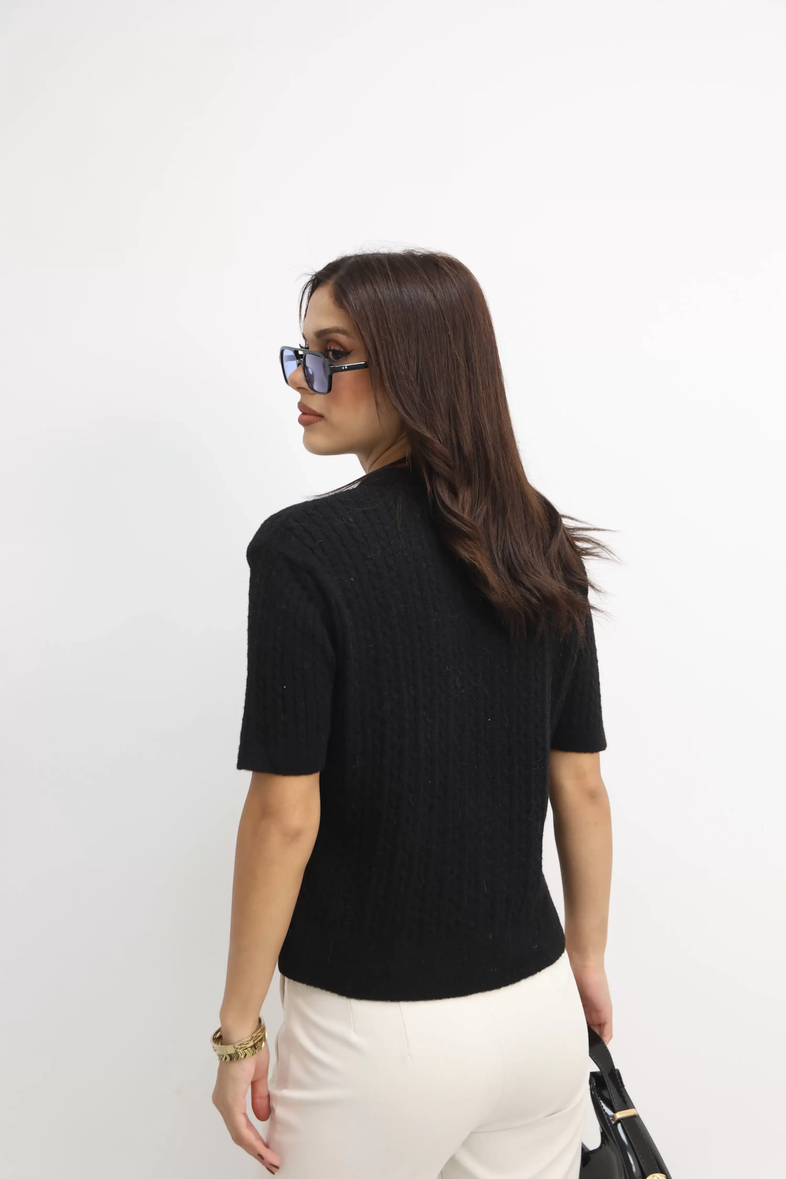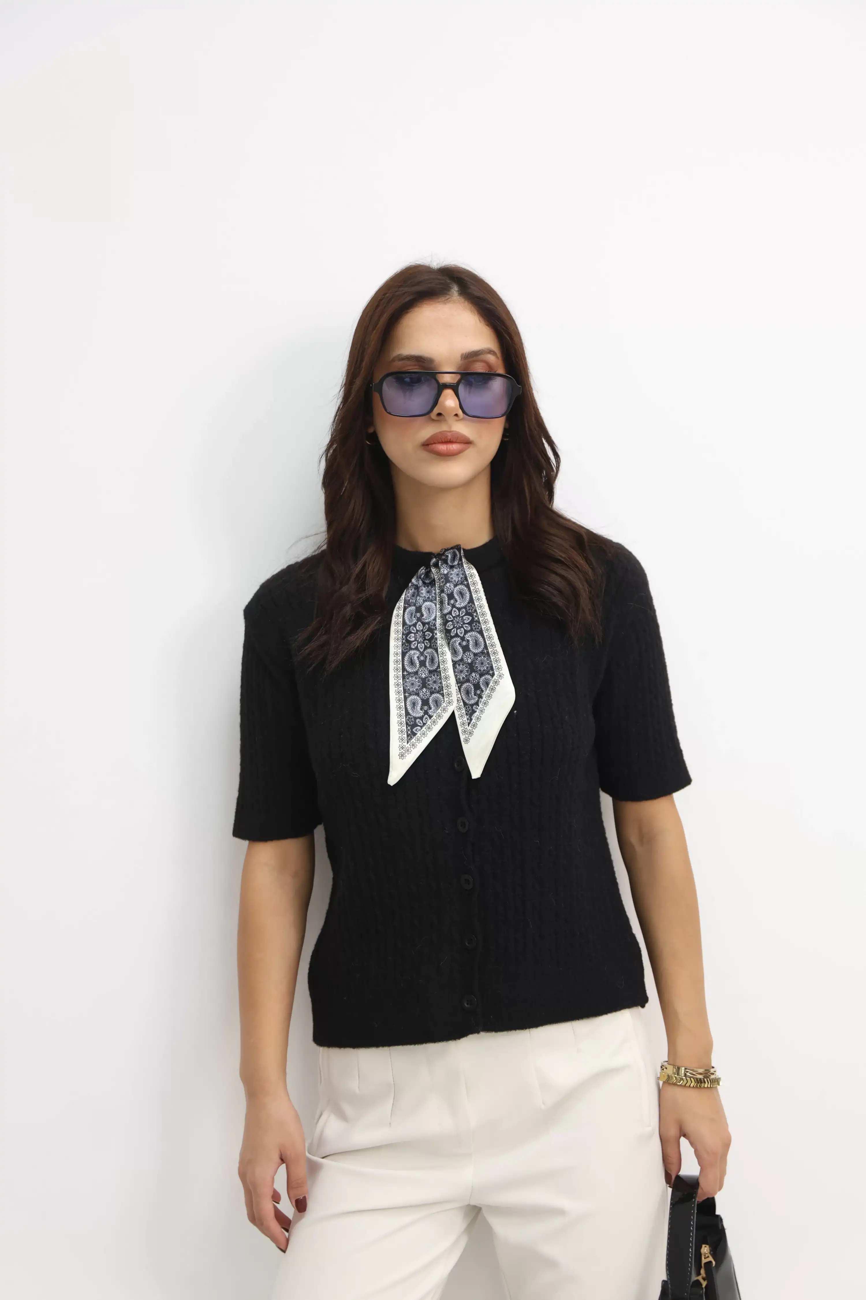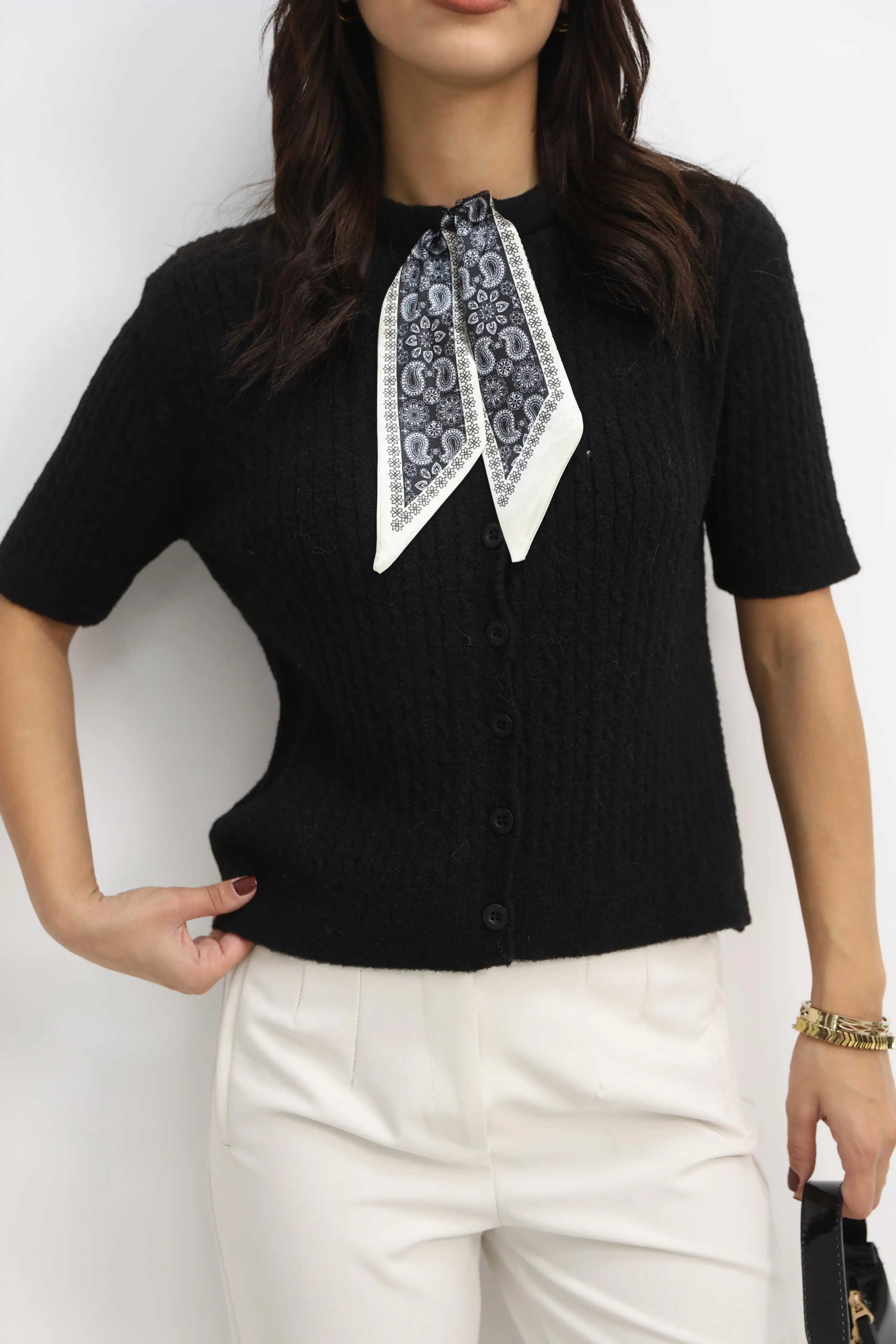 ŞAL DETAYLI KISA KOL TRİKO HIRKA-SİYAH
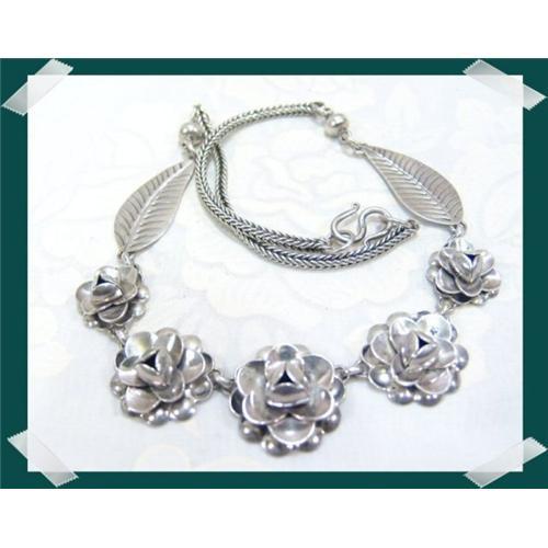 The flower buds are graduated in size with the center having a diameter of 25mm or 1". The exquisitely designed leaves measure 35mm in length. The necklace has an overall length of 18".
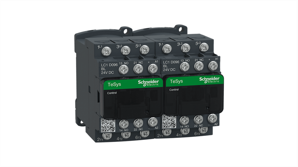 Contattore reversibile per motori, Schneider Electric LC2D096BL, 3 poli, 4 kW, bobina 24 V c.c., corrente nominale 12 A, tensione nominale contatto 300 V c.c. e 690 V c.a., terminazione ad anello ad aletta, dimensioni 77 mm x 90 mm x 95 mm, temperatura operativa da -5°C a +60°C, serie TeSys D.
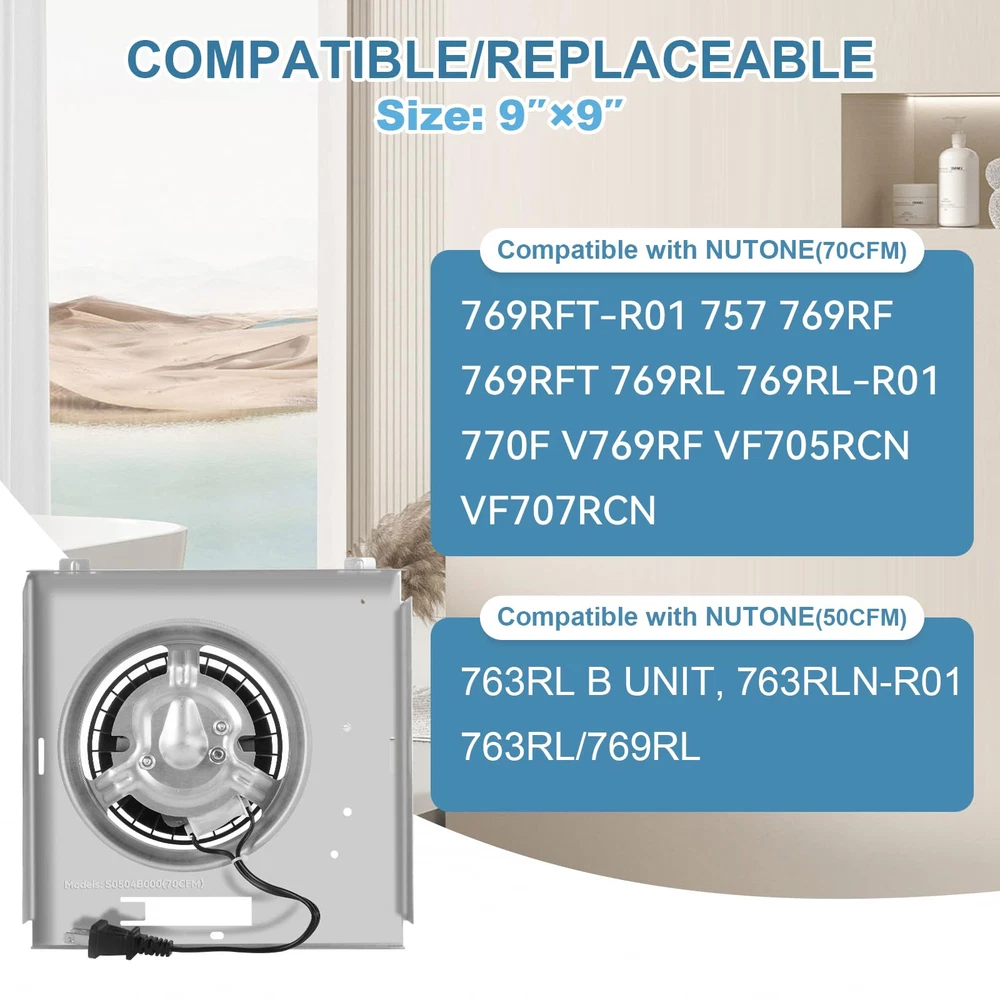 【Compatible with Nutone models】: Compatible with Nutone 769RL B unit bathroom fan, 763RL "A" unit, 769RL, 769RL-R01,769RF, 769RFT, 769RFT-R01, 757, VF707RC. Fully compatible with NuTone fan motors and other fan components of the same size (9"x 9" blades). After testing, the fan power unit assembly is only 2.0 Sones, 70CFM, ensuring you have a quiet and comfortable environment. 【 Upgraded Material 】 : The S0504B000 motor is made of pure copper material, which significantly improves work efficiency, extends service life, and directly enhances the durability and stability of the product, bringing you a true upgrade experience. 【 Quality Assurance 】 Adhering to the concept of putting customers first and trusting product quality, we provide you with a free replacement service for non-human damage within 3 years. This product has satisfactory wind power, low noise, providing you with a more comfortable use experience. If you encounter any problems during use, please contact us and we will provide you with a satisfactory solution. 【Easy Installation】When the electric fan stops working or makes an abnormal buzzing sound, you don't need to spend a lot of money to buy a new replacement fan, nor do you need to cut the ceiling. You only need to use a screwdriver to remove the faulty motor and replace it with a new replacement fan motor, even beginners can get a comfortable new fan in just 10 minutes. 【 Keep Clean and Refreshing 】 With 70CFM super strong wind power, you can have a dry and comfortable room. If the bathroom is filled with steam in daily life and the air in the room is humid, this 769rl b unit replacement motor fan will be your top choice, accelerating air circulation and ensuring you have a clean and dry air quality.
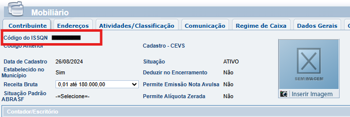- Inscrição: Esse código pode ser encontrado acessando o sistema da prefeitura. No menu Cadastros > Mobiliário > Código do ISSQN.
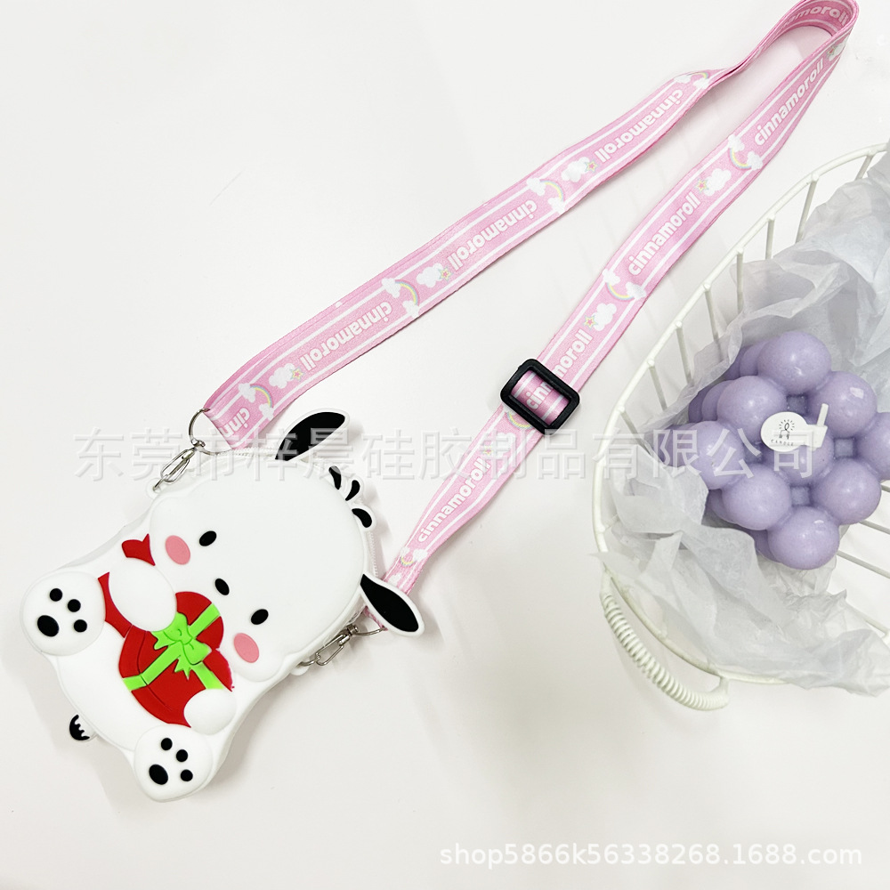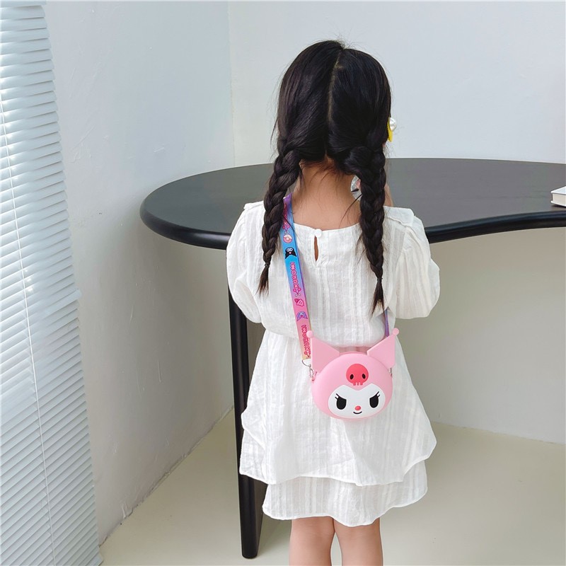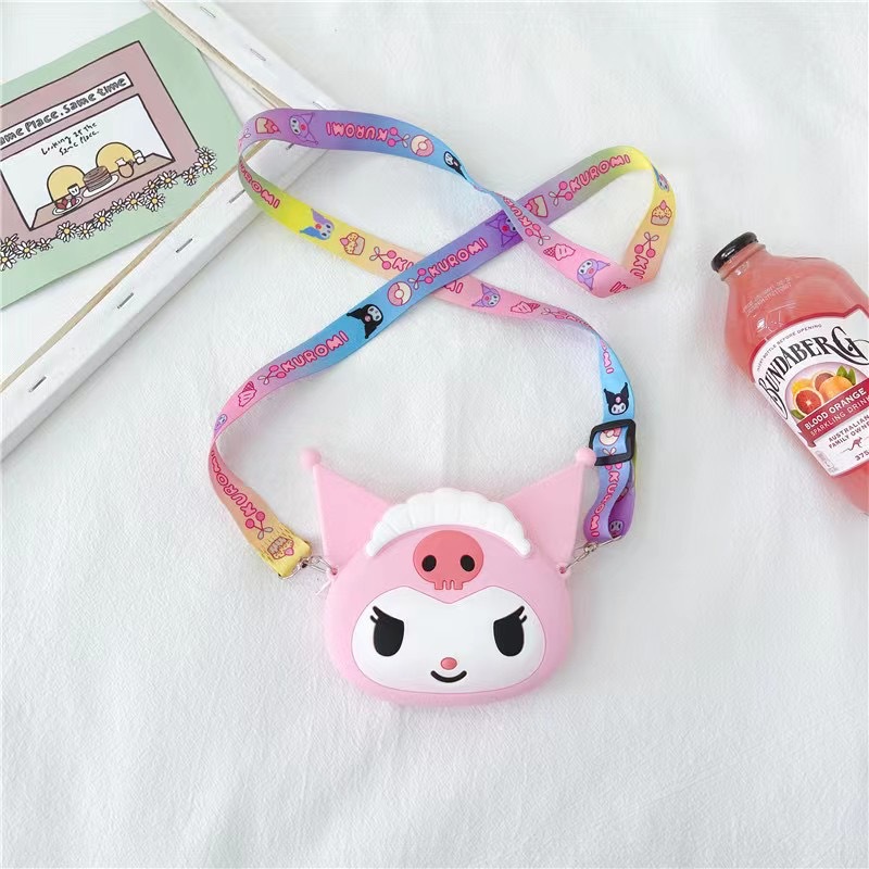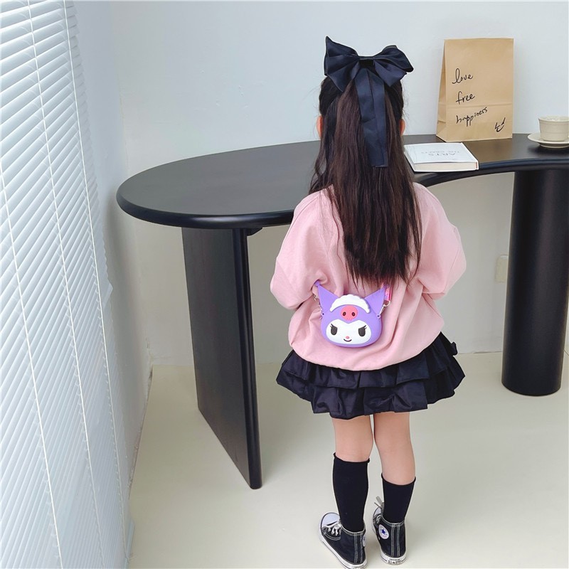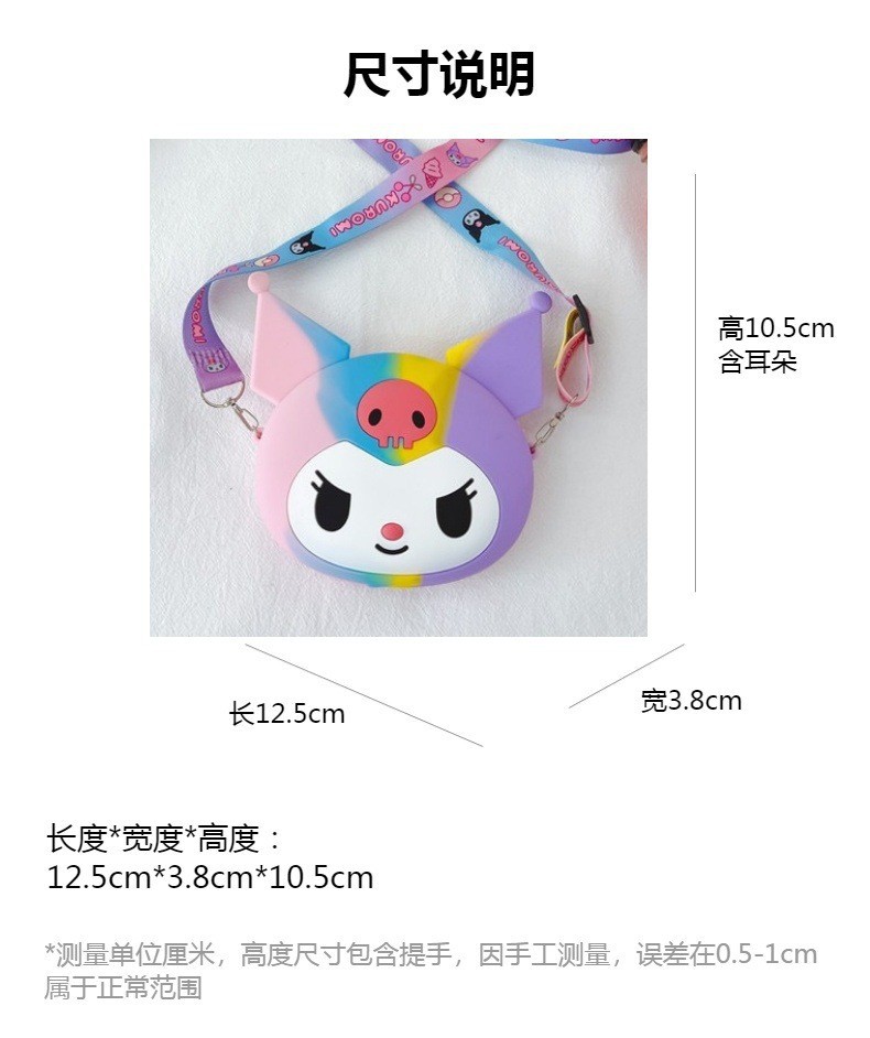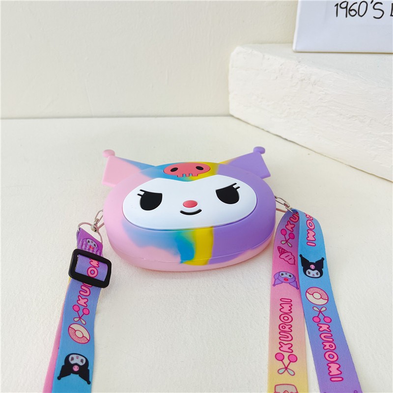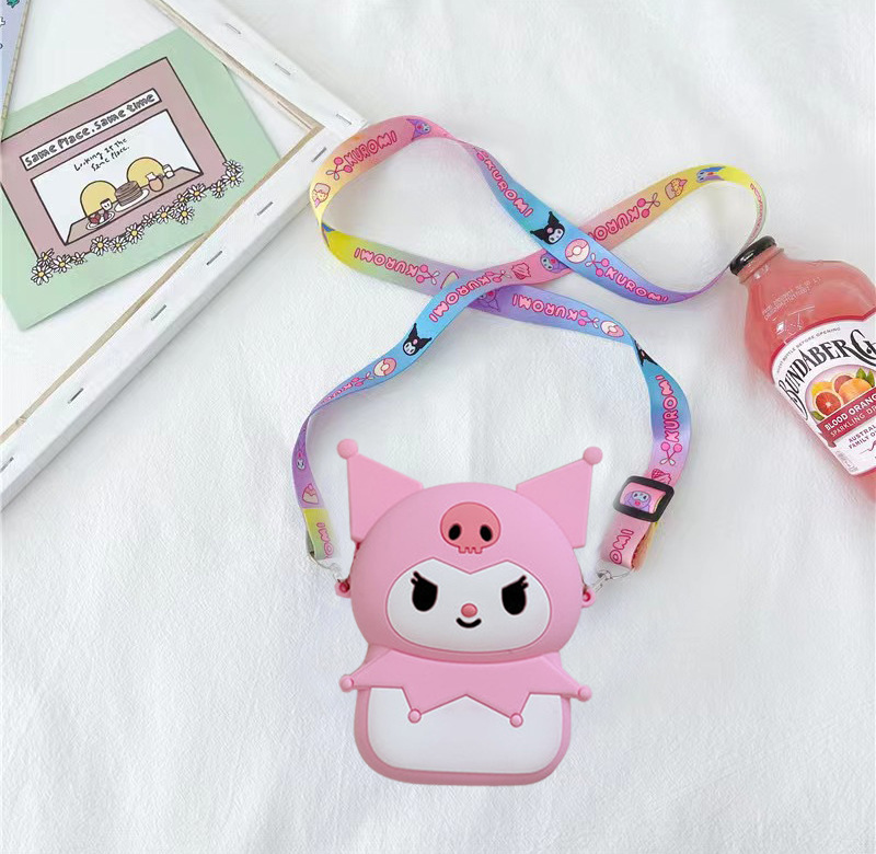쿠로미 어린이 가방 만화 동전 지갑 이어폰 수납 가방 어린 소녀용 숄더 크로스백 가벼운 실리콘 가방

--- --- ---

## What you should do
Leaving the pictures aside, write out only the lines from the one containing "dry air quality." through the end of the material, exactly as they stand.

## Output below
 【Compatible with Nutone models】: Compatible with Nutone 769RL B unit bathroom fan, 763RL "A" unit, 769RL, 769RL-R01,769RF, 769RFT, 769RFT-R01, 757, VF707RC. Fully compatible with NuTone fan motors and other fan components of the same size (9"x 9" blades). After testing, the fan power unit assembly is only 2.0 Sones, 70CFM, ensuring you have a quiet and comfortable environment. 【 Upgraded Material 】 : The S0504B000 motor is made of pure copper material, which significantly improves work efficiency, extends service life, and directly enhances the durability and stability of the product, bringing you a true upgrade experience. 【 Quality Assurance 】 Adhering to the concept of putting customers first and trusting product quality, we provide you with a free replacement service for non-human damage within 3 years. This product has satisfactory wind power, low noise, providing you with a more comfortable use experience. If you encounter any problems during use, please contact us and we will provide you with a satisfactory solution. 【Easy Installation】When the electric fan stops working or makes an abnormal buzzing sound, you don't need to spend a lot of money to buy a new replacement fan, nor do you need to cut the ceiling. You only need to use a screwdriver to remove the faulty motor and replace it with a new replacement fan motor, even beginners can get a comfortable new fan in just 10 minutes. 【 Keep Clean and Refreshing 】 With 70CFM super strong wind power, you can have a dry and comfortable room. If the bathroom is filled with steam in daily life and the air in the room is humid, this 769rl b unit replacement motor fan will be your top choice, accelerating air circulation and ensuring you have a clean and dry air quality.
- Inscrição: Esse código pode ser encontrado acessando o sistema da prefeitura. No menu Cadastros > Mobiliário > Código do ISSQN.
쿠로미 어린이 가방 만화 동전 지갑 이어폰 수납 가방 어린 소녀용 숄더 크로스백 가벼운 실리콘 가방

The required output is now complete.